Время от времени какая-нибудь из них подсаживалась ко мне со словами, что знала мою бабушку, а если помоложе – что желали бы с ней познакомиться в то прекрасное предвоенное время, когда ещё была возможна истинная элегантность. Это был пароль: подразумевалось, что Уинифред принадлежит к парвеню – нуворишам, наглым и вульгарным, и мне следует защищать другую систему ценностей. В ответ я слабо улыбалась и говорила, что бабушка умерла задолго до моего рождения. То есть им не следует ждать от меня противостояния Уинифред.

А как дела у вашего умного мужа? – спрашивали они. Когда ждать важного известия? Важное известие касалось политической карьеры Ричарда, которая формально не началась, но считалась неизбежной.

Ах, улыбалась я, не сомневаюсь, я услышу его первой. Неправда: я не сомневалась, что узнаю обо всем последней.

Наша жизнь – моя и Ричарда – устаканилась, и мне казалось, она не изменится никогда. Вернее, существовали две жизни – дневная и ночная: абсолютно разные и притом неизменные. Спокойствие и порядок, все на своем месте, а в глубине – узаконенное изощренное насилие: грубый, тяжелый башмак, отбивающий такт на мягком ковре. Каждое утро я принимала душ, чтобы смыть с себя ночь, смыть эту штуку, которую Ричард втирал в голову, – какой-то дорогой душистый жир. Я вся им пропахла.

Беспокоило ли Ричарда мое равнодушие к его ночной деятельности, мое отвращение даже? Нисколько. Как и во всем, он предпочитал завоевывать, а не сотрудничать.
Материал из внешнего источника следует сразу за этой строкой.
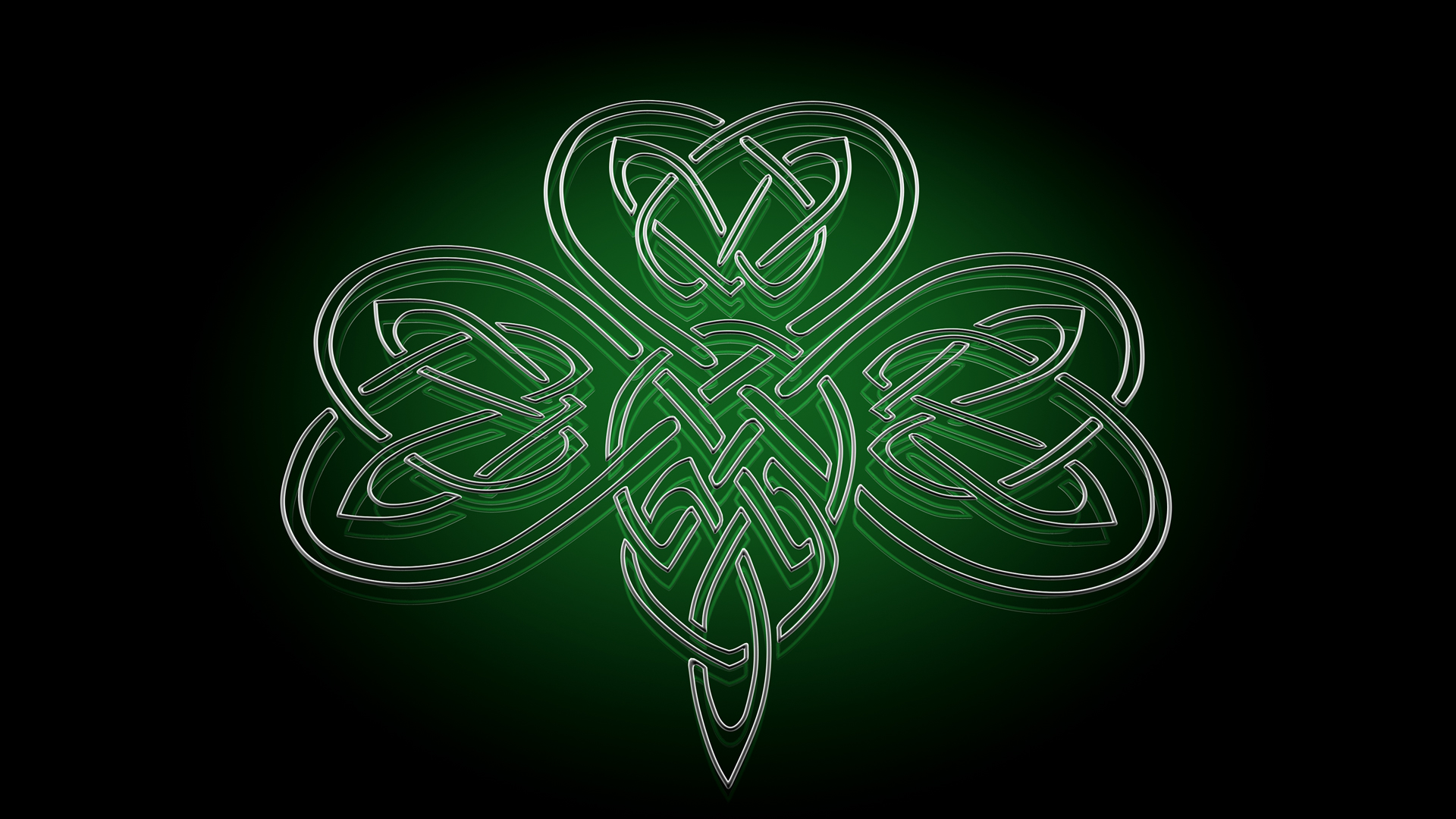 Description: A green shamrock with a black background and a white outline on the bottom of it.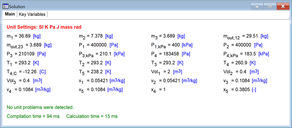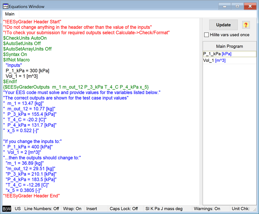To add a second test case, select Done in the EESyGrader Starter Code Dialog and again in the EESyGrader Rubric Dialog. Then change the values of the input variables in your EES solution and solve. For example, in my sample EES program shown below I have changed the values of P_1_kPa and Vol_1 from 300 kPa and 1 m3, respectively to 400 kPa and 2 m3.

Иногда (со временем все чаще) на моем теле оставались синяки – лиловые пятна синели, потом желтели. Удивительно, как меня легко повредить, улыбался Ричард. Одно прикосновение. Никогда не встречал женщины с такой чувствительной кожей. Это потому, что я очень юная и нежная.

Он предпочитал ставить синяки на бедрах – там не видно. Синяки на открытых местах помешали бы его карьере.

Иногда мне казалось, что эти знаки на теле – что-то вроде шифра, который расцветал и бледнел, подобно симпатическим чернилам над свечой. Но если это шифр, у кого же ключ?

Я была песком, я была снегом – на мне писали, переписывали и стирали написанное.

Пепельница

Я снова была у доктора. Меня отвезла Майра: оттепель сменилась заморозками и гололедом, чересчур скользко идти, сказала она.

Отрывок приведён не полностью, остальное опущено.